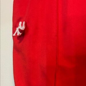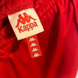 Bold red joggers featuring iconic Kappa logo tape on the side. Ideal for casual wear.
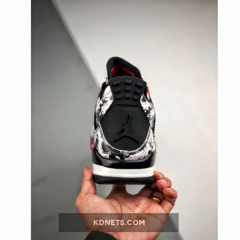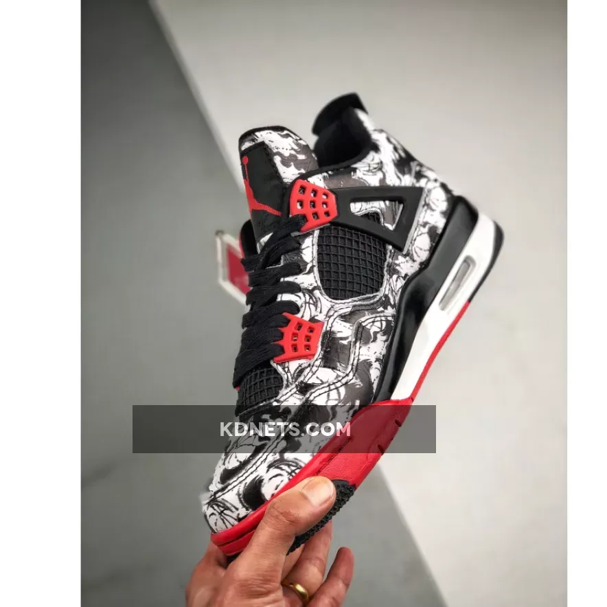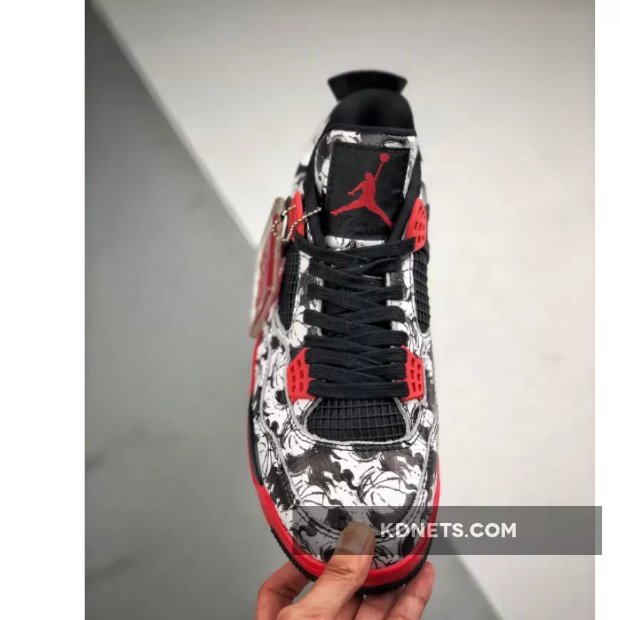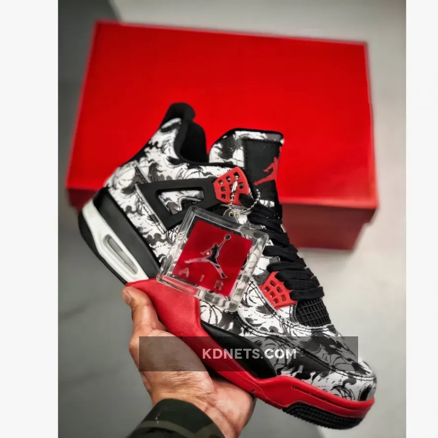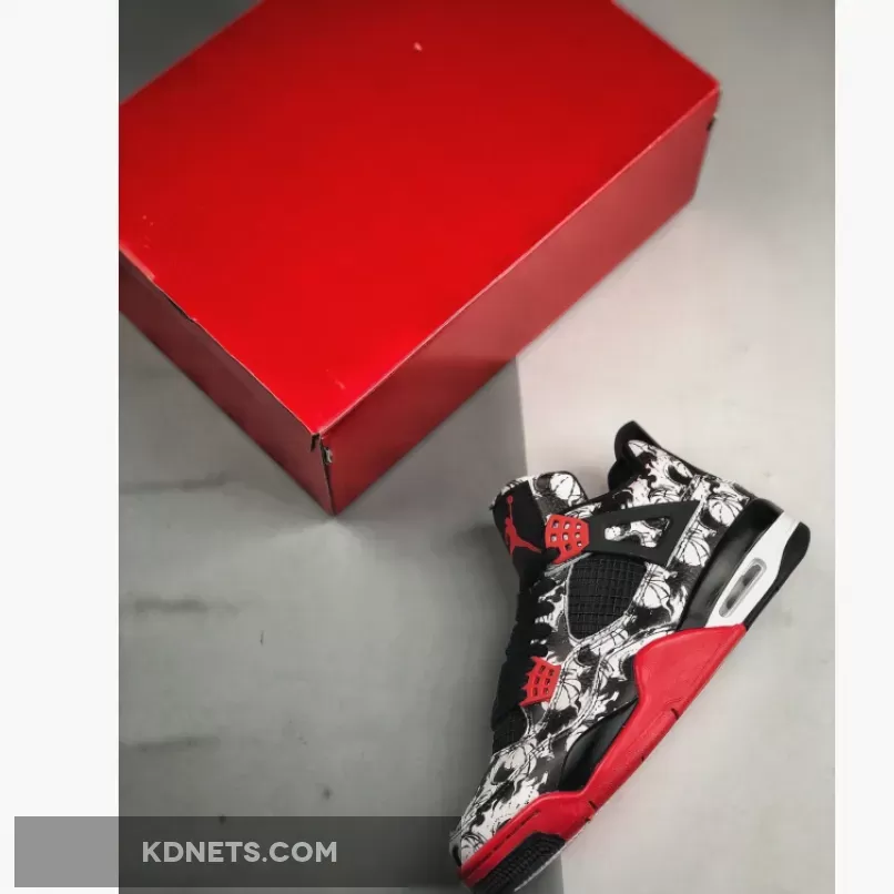 The Air Jordan 4 ‘Tattoo’ offers a striking design with its all-over tattoo-inspired graphic. The combination of black, fire red, and white colors creates a sleek and stylish look. The tattoo motif adds a unique and artistic touch that sets this Jordan 4 apart from other colorways. Overall, a great pair of sneakers for fans of the legendary silhouette.
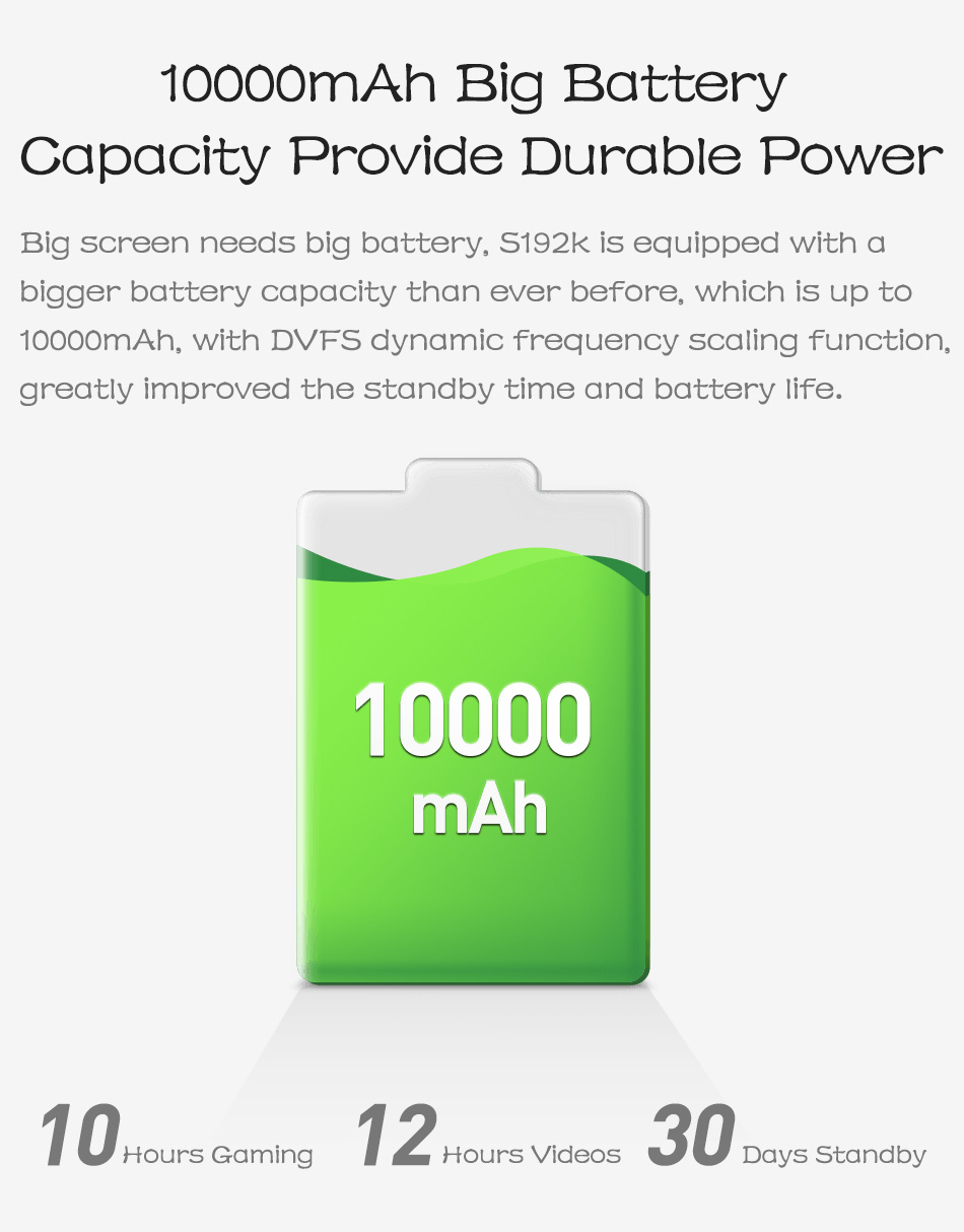 • Battery;10000mAh Lithium-io Polyme Battery.
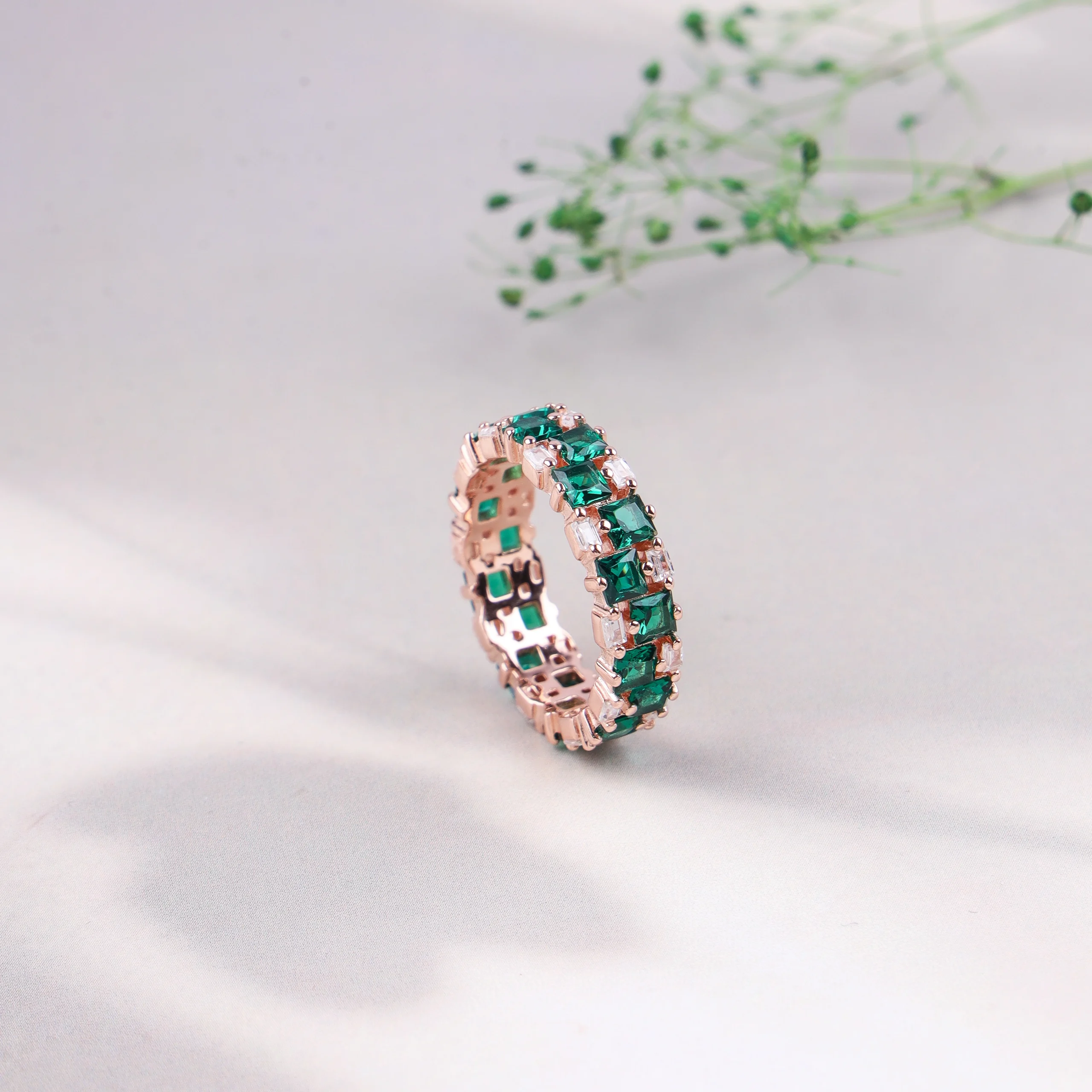 : A classic and sophisticated eternity band, crafted from 925 sterling silver with a luxurious rose gold plating. This ring showcases a striking pattern of alternating high-quality, imported green emerald-cut stones and clear baguette stones. Meticulously crafted to international quality standards, this piece is a perfect blend of timeless design and modern elegance.
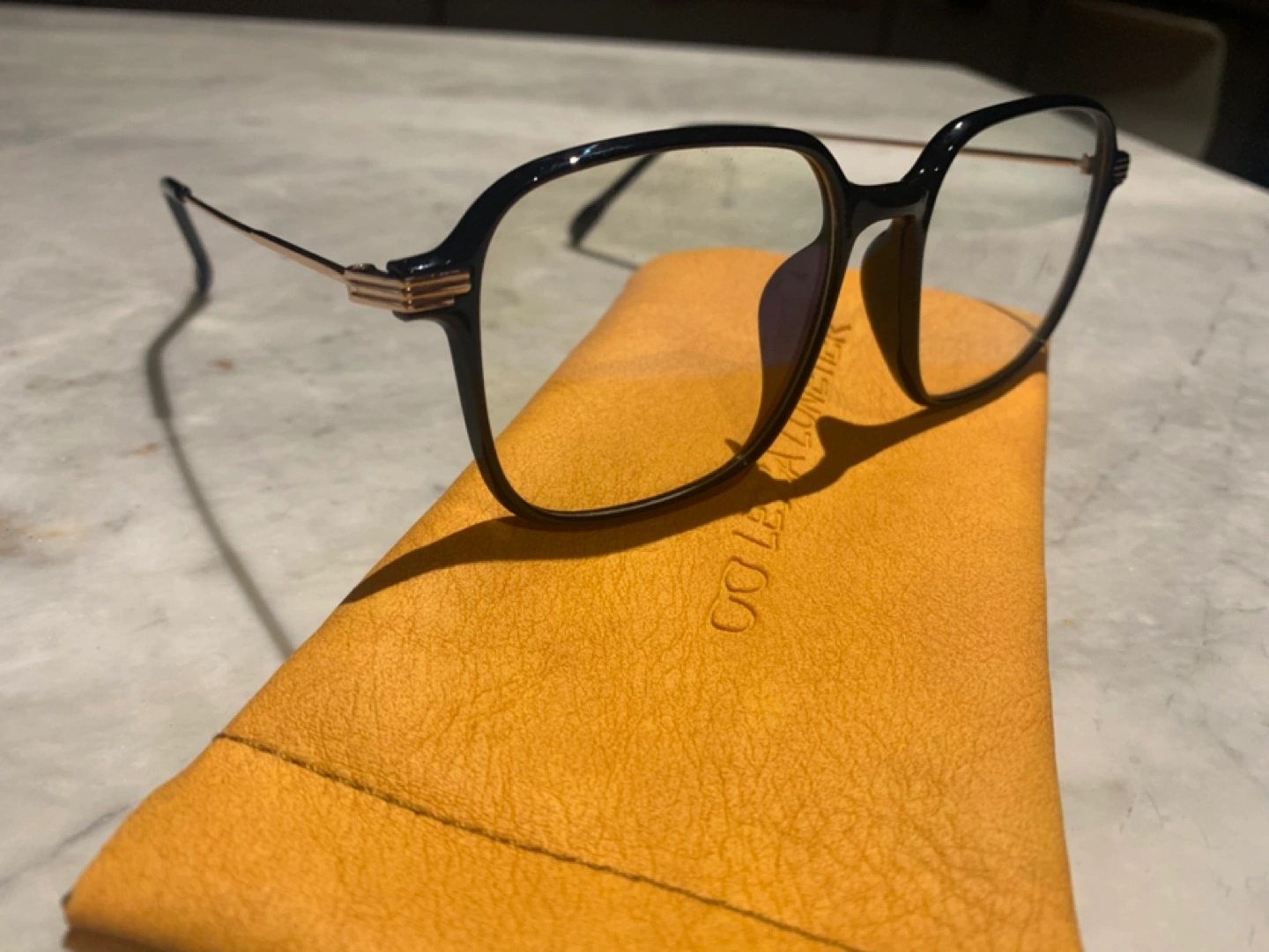 Selling a super lightweight pair of blue light blocking glasses with a stylish black and gold frame. The lenses can be easily replaced with prescription or custom lenses.
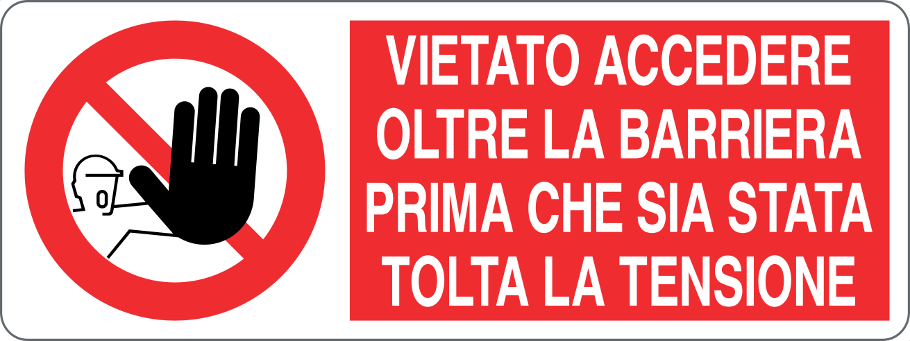 Cartello Alluminio 333X125 MM VIETATO ACCEDERE OLTRE LA BARRIERA PRIMA CHE SIA STATA TOLTA LA TENSIONE

- [To do] In the entries above, find the line with "The Air Jordan" and the line with "Lithium-io Polyme Battery.". Return exactly those lines and all the ones between them, pictures excluded.

- [Response for this exercise]
 The Air Jordan 4 ‘Tattoo’ offers a striking design with its all-over tattoo-inspired graphic. The combination of black, fire red, and white colors creates a sleek and stylish look. The tattoo motif adds a unique and artistic touch that sets this Jordan 4 apart from other colorways. Overall, a great pair of sneakers for fans of the legendary silhouette.
 • Battery;10000mAh Lithium-io Polyme Battery.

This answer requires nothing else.